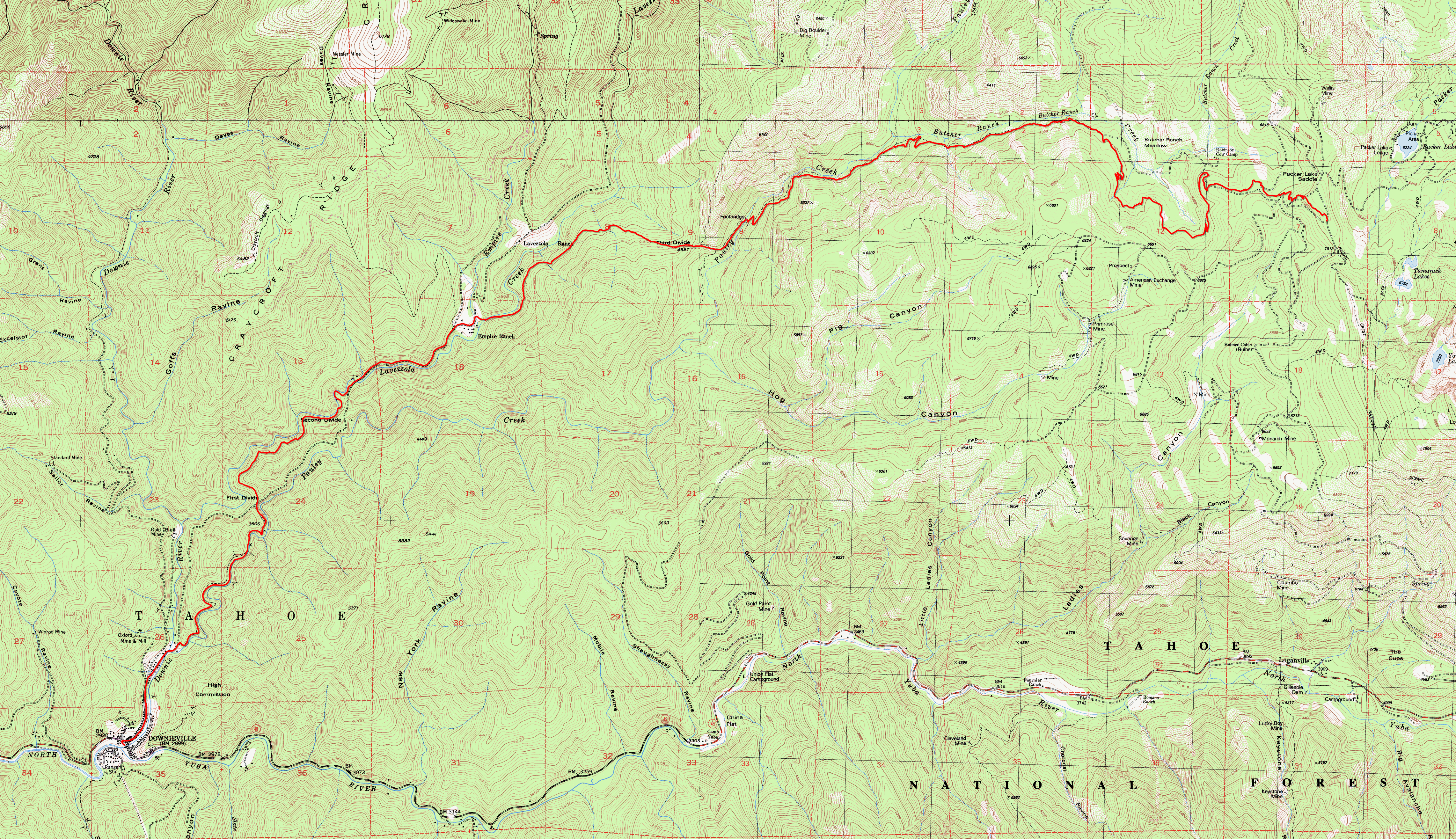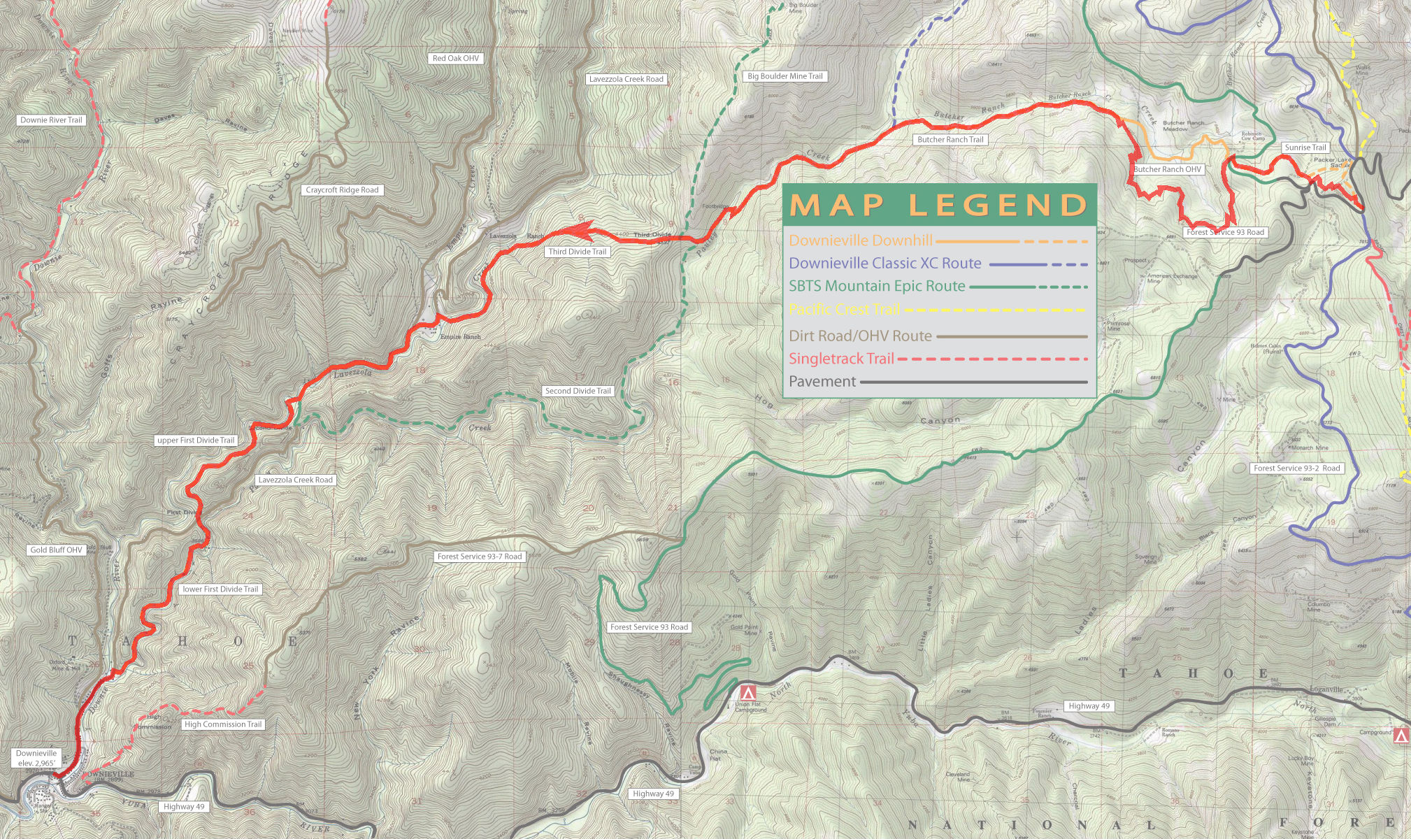 Downieville (Suggestion 1) 75% SINGLETRACK19% FIRE ROAD6% ROAD ![]() THE LOCATIONDownieville is a tiny gold rush town that today is a little slice of mountain-biking heaven. Arguably, this area's greatest claim to fame is its hosting of the Downieville Classic races. The most popular rides at Downieville are one-way shuttle rides, involving getting on a shuttle from the town center, being driven to a trailhead, and doing a ride that ends right back at the town center after thousands of feet of descent and usually (though not always) with very little extended climbing in the process. The most famous of these is the Downieville Downhill, which, at the time of this writing, continues to follow a close variant of the route shown on this page, and which also happened to be the course of one of the Downieville Classic races and, it's probably safe to say, the ride that has put Downieville on the map. (The exact route of Downieville Downhill is what I used to represent on this page as well, which you can still find here. The current version of the ride is different from this only to benefit from the newer and more fun singletrack portion at the upper end of Butcher Ranch Trail rather than its older, fire-road routing paralleling that stretch.) That race is billed as the longest and toughest downhill mountain bike race in the country. The course descends through a net elevation loss of 3900 feet over 15 miles, with less than 600 feet of total climb in the process. (Other than a half-mile climb gaining 250 feet right at the end of Butcher Ranch Trail, the total climb figure only adds up to this due to the cumulative effect of the minor ups and downs during the naturally undulating flow of the trail along the nearly flat sections.) A great majority of the shuttled mountain bike rides done in the Downieville area start from "Packer Saddle", and that includes the ride shown on this particular page. This trailhead is about a 35-minute drive away from the town center by shuttle van. There are two outfits that I know of in Downieville that operate shuttles there regularly: Downieville Outfitters The rates of the shuttle rides are (roughly, if not precisely) the same between these two outfits as of this writing and they both follow a regular schedule of shuttle departure times, with fewer runs scheduled from Monday to Thursday, and more runs from Friday to Sunday. In addition, if you are part of a group of (I believe) four riders or more, both of these companies are willing to do a shuttle run purely for your group at any time you want, as well as taking you to trailheads other than Packer Saddle if you so desire, according to what I was told. (If you do plan to do that, I'd highly recommend that you double check this with them first, though.) Do keep in mind that these shuttle companies take advance reservations for their shuttle runs and that runs on popular dates could fill up early. Also keep in mind that a lot of the details that I've listed in this paragraph can vary over the years and may have changed considerably since I've written these. Since this area has snow cover throughout the winter, the season that's suitable for mountain biking is limited. Roughly speaking, you can expect the trails to be cleared enough from snow to be ridable some time in early summer, and be buried again at some point in the fall. You can check the trail conditions via the website of either of the two shuttle operators I've mentioned above. In addition to the option of staying overnight in or near Downieville in order to ride here, if you'll be coming from an area not too far away, such as from the Bay Area, it is entirely possible to arrange to do a ride here as part of a day trip as well. The best finish times for this particular route in the Downieville Downhill race are under one hour. Meanwhile, modest riders like me are bound to spend something close to three hours, if not more, to make it through—at least on your first ride, due to the extra sightseeing that would be involved. This would still leave time for a post-ride meal, the shuttle ride, and some overhead, if your one-way drive time to Downieville isn't more than, say, four hours. However, staying overnight would also make it easier to do more than one ride within the same day, which is fairly commonly done by advanced riders. My personal impression around the time I finished this ride was that an immediate repetition of the same ride on the same day (let alone an alternate route, which is bound to be tougher, since this route is the easiest possible one here) would not have been enticing to me at all. The ride left me completely sated for biking for the day. A few words about trail use safety are in order here. These are trails where world-class bikers ride. Most such advanced riders are inclined to ride fast. Moreover, many of these trails are also legal for motocross riders. So, while you ride here, make sure you keep the notion in the back of your mind at all times that another rider could be fast approaching behind you at any moment and, if you ever find yourself stopped on the trail for whatever reason, make sure you step away and stay away from the trail for your own safety as well as for that of others. Meanwhile, if you're one of the said advanced riders who is able to do this ride at double-digit average speeds, make sure you keep your speed to reasonable levels and don't overdo it. Don't forget that these are multi-use trails and also that some riders, though rare, do ride these routes uphill, and avoid riding at speeds higher than would allow you to stop within your line of sight. That one's generally good advice to any rider under any riding condition anyway; you never know when a newly downed tree may be waiting for you just past the edge of your sightline. THE RIDEFirst of all, let there be no mistake: This is an advanced and challenging ride. Don't let the fact that it's "only a downhill" fool you. Inexperienced riders, and those who mi
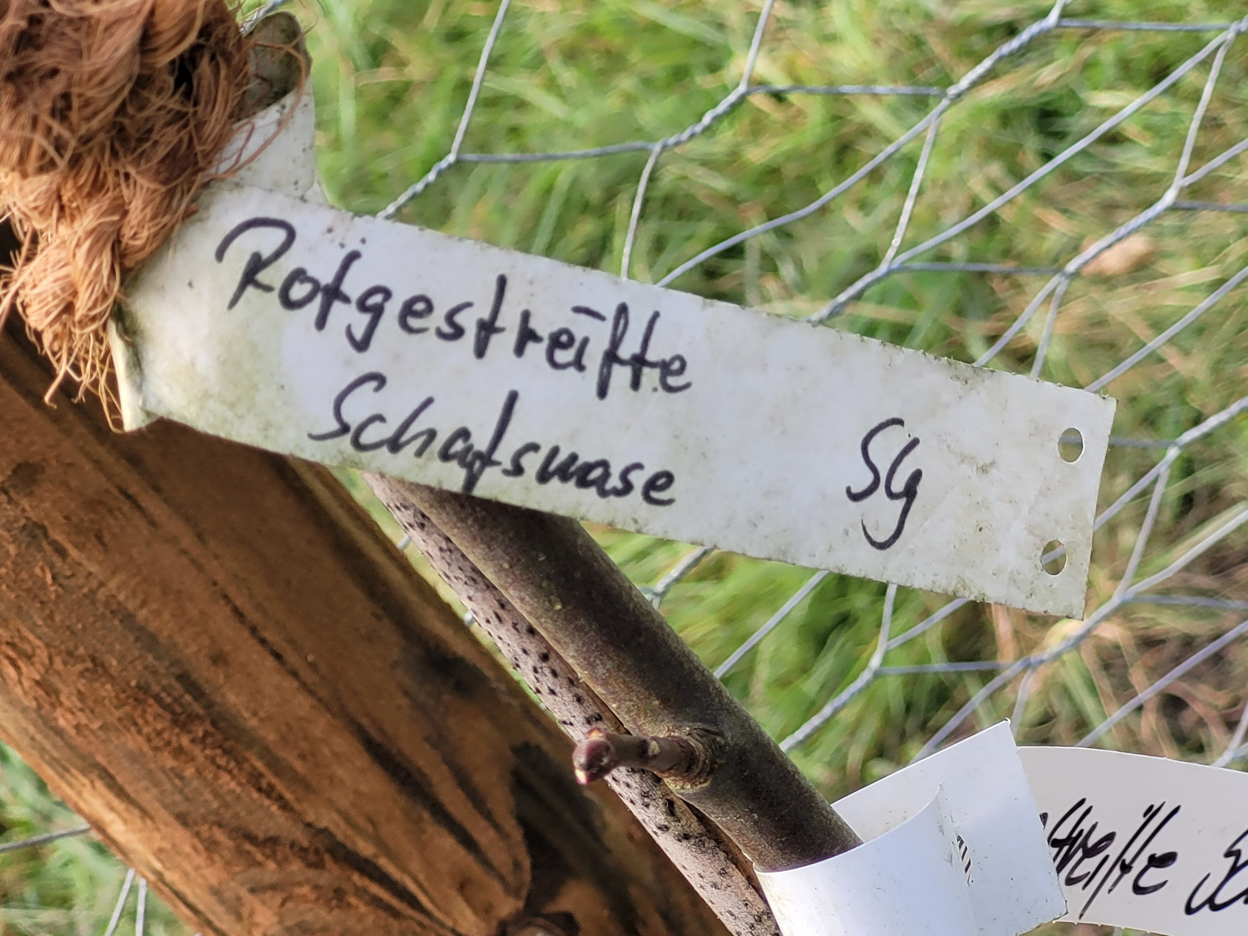 In kleinen Gruppen begannen sie, Pflanzlöcher auszuheben – sorgfältig und tief genug, damit die jungen Bäume später festen Halt finden. Anschließend wurde am Grund des Loches das schützende Wühlmausnetz ausgelegt, bevor der Baum behutsam in die Erde gesetzt wurde. Gemeinsam schütteten sie das Pflanzloch wieder zu und achteten dabei darauf, dass die Veredelungsstelle über dem Boden blieb. Dann wurde das Wühlmausnetz geschlossen, die Erde sorgfältig verdichtet und abschließend ein Gießring geformt.
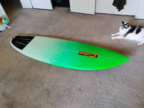 This is a custom Futures 5 box Poly board shaped very similar to the Firewire Sboss. It is in very good shape with small percentage of top pressure dings. I really like the shape which has the following dimensions... 5'10" x 19 1/2" x 2 9/16", 31.0 Liters. Also has a futures tail pad. This is a great price for this type of board. Check it out and you will agree. Cat not included!
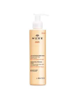 Nuxe Sun Lait Fraîcheur Après-Soleil Visage et Corps 400 ml est un soin qui répare, hydrate et prolonge le bronzage de 2 semaines (grâce à la poudre de Caroube), pour un hâle lumineux.
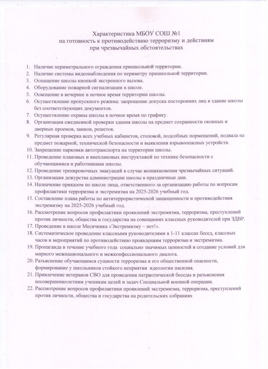 Характеристика СОШ №1 на готовность к противодействию терроризма
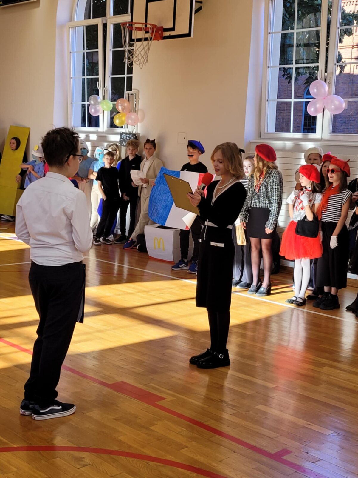 Pokaz mody – uczniowie w kreatywny sposób przedstawili kulturę, historię i ciekawostki o wylosowanym państwie. Pojawiły się tańce ludowe i prezentacje, w których padały takie zdania jak: “Je suis une baguette magique!” („Jestem magiczną bagietką!” – po francusku) oraz “¡No tengo idea, pero suena bien!” („Nie mam pojęcia, ale brzmi dobrze!” – po hiszpańsku).
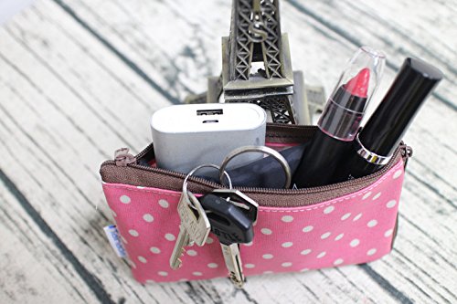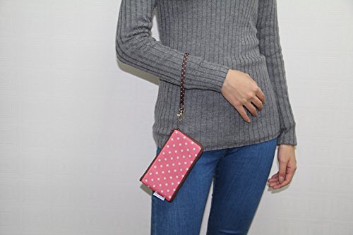 Tainada TA2Z05WP03 Smartphone Wristlet Pouch, Dual Layers Zipper Purse, Shockproof Water Repellent Wristlet Bag for iPhone 7/6s/6, Samsung Galaxy 7/6 and More, Polka Dot - Pink

(What the task requires):
Your copy should hold exactly the lines from the line containing "Pokaz mody –" through the last line of the listing above, both included, and no pictures.

(Solution):
 Pokaz mody – uczniowie w kreatywny sposób przedstawili kulturę, historię i ciekawostki o wylosowanym państwie. Pojawiły się tańce ludowe i prezentacje, w których padały takie zdania jak: “Je suis une baguette magique!” („Jestem magiczną bagietką!” – po francusku) oraz “¡No tengo idea, pero suena bien!” („Nie mam pojęcia, ale brzmi dobrze!” – po hiszpańsku).
 Tainada TA2Z05WP03 Smartphone Wristlet Pouch, Dual Layers Zipper Purse, Shockproof Water Repellent Wristlet Bag for iPhone 7/6s/6, Samsung Galaxy 7/6 and More, Polka Dot - Pink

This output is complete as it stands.